▸ **What the task asks**:
Please repeat exactly the lines from the one containing "Kompaktowa sofa w" to the end of the entries below, both included, and omit all pictures.

▸ **Data for processing**:
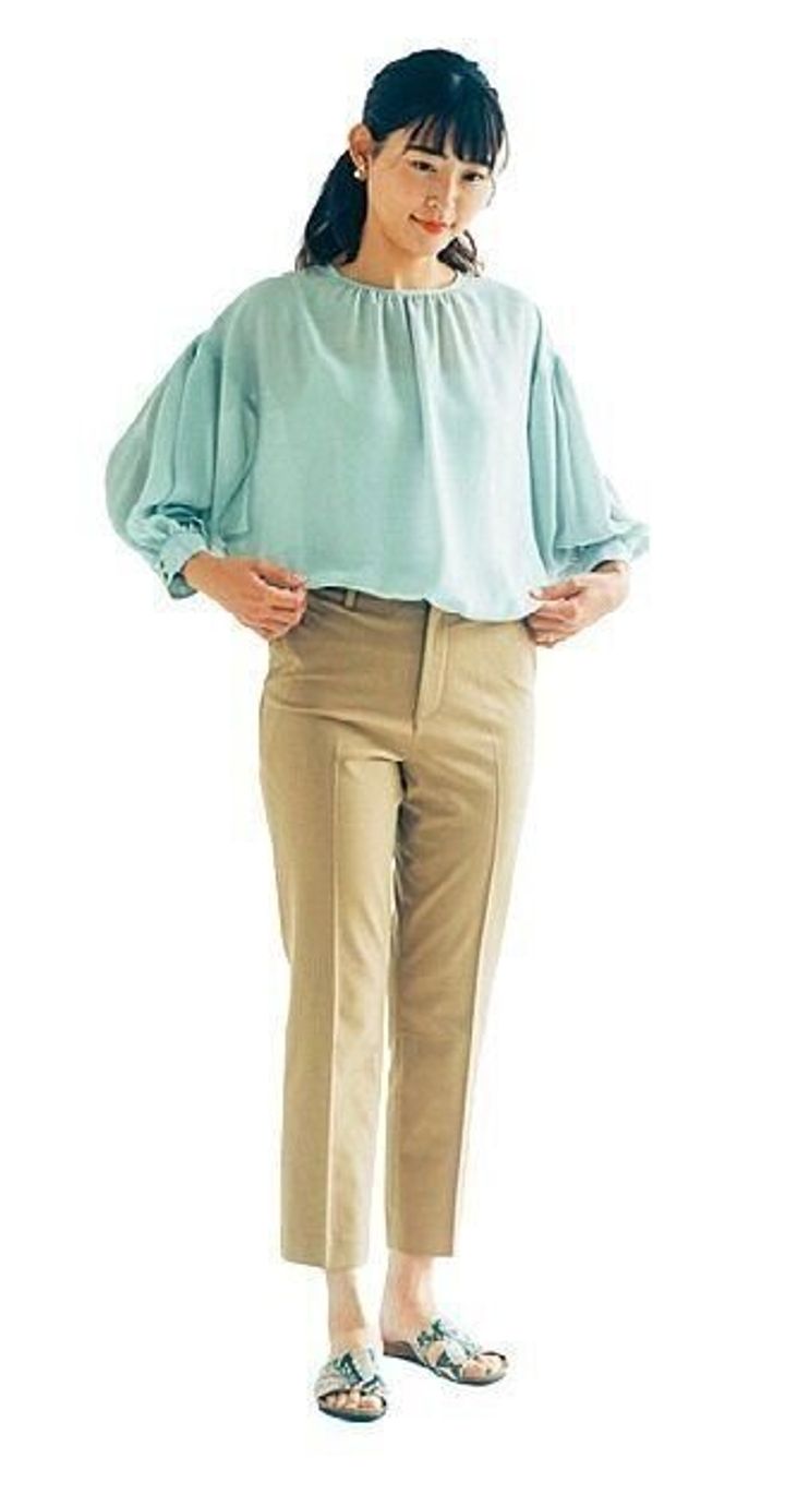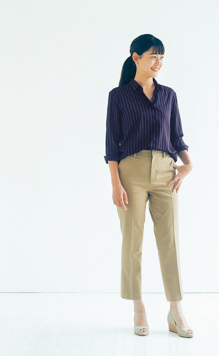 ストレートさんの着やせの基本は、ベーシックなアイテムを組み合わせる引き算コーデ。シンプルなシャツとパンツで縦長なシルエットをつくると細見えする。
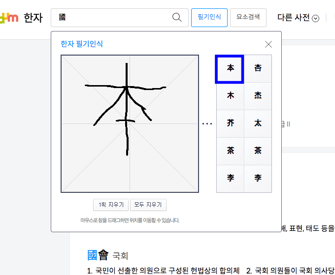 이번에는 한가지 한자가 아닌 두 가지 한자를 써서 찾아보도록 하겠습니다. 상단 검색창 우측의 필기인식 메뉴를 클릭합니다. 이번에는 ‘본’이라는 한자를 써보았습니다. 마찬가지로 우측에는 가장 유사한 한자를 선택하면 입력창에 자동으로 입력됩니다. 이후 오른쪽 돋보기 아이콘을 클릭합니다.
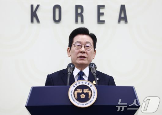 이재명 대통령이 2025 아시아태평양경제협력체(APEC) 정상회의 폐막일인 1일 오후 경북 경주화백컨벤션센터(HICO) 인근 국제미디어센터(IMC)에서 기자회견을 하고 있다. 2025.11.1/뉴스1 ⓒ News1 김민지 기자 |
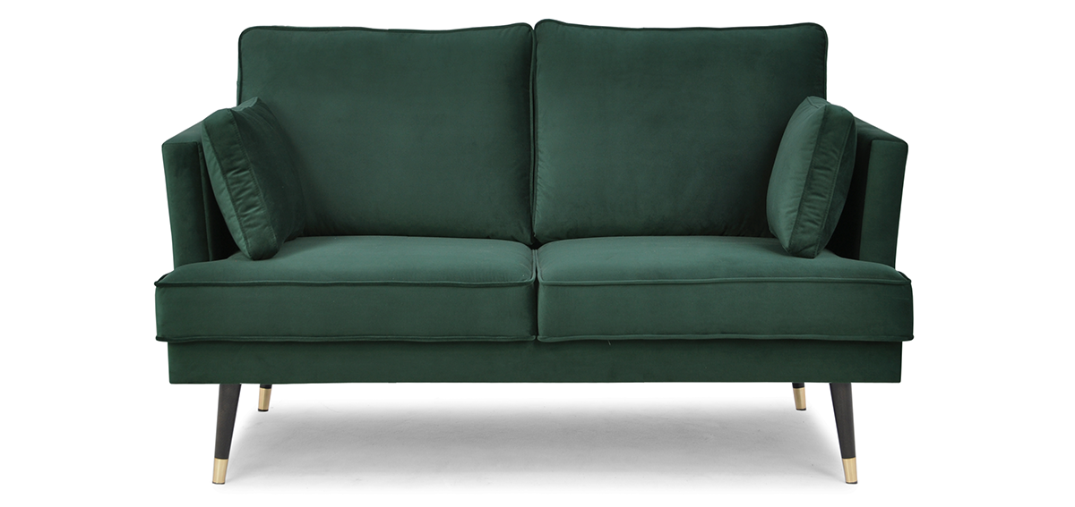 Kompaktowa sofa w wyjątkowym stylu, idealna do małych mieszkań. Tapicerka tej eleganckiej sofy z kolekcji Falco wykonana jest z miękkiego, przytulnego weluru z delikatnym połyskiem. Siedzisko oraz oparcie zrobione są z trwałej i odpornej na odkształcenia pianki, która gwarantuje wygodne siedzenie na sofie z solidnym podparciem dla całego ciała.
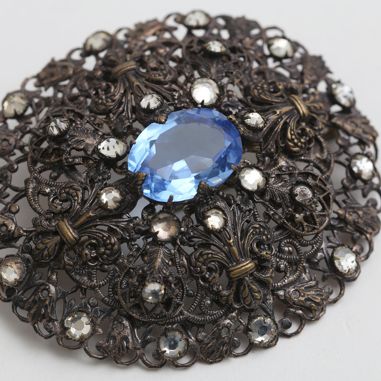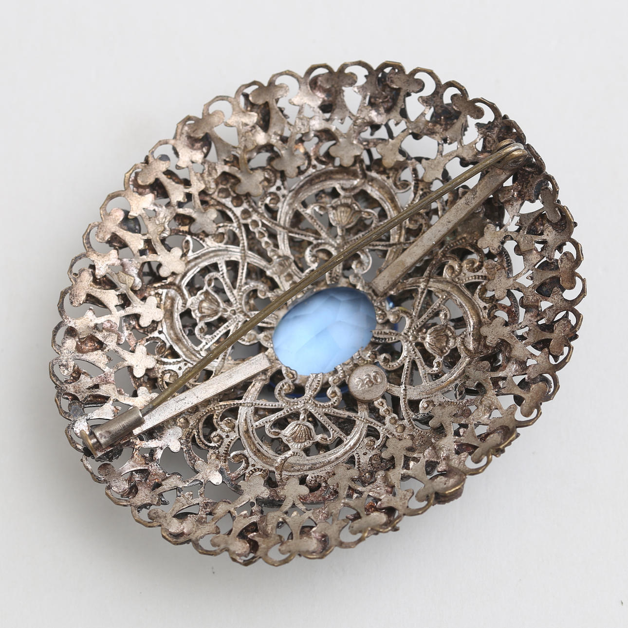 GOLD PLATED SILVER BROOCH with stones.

▸ **Problem solution**:
 Kompaktowa sofa w wyjątkowym stylu, idealna do małych mieszkań. Tapicerka tej eleganckiej sofy z kolekcji Falco wykonana jest z miękkiego, przytulnego weluru z delikatnym połyskiem. Siedzisko oraz oparcie zrobione są z trwałej i odpornej na odkształcenia pianki, która gwarantuje wygodne siedzenie na sofie z solidnym podparciem dla całego ciała.
 GOLD PLATED SILVER BROOCH with stones.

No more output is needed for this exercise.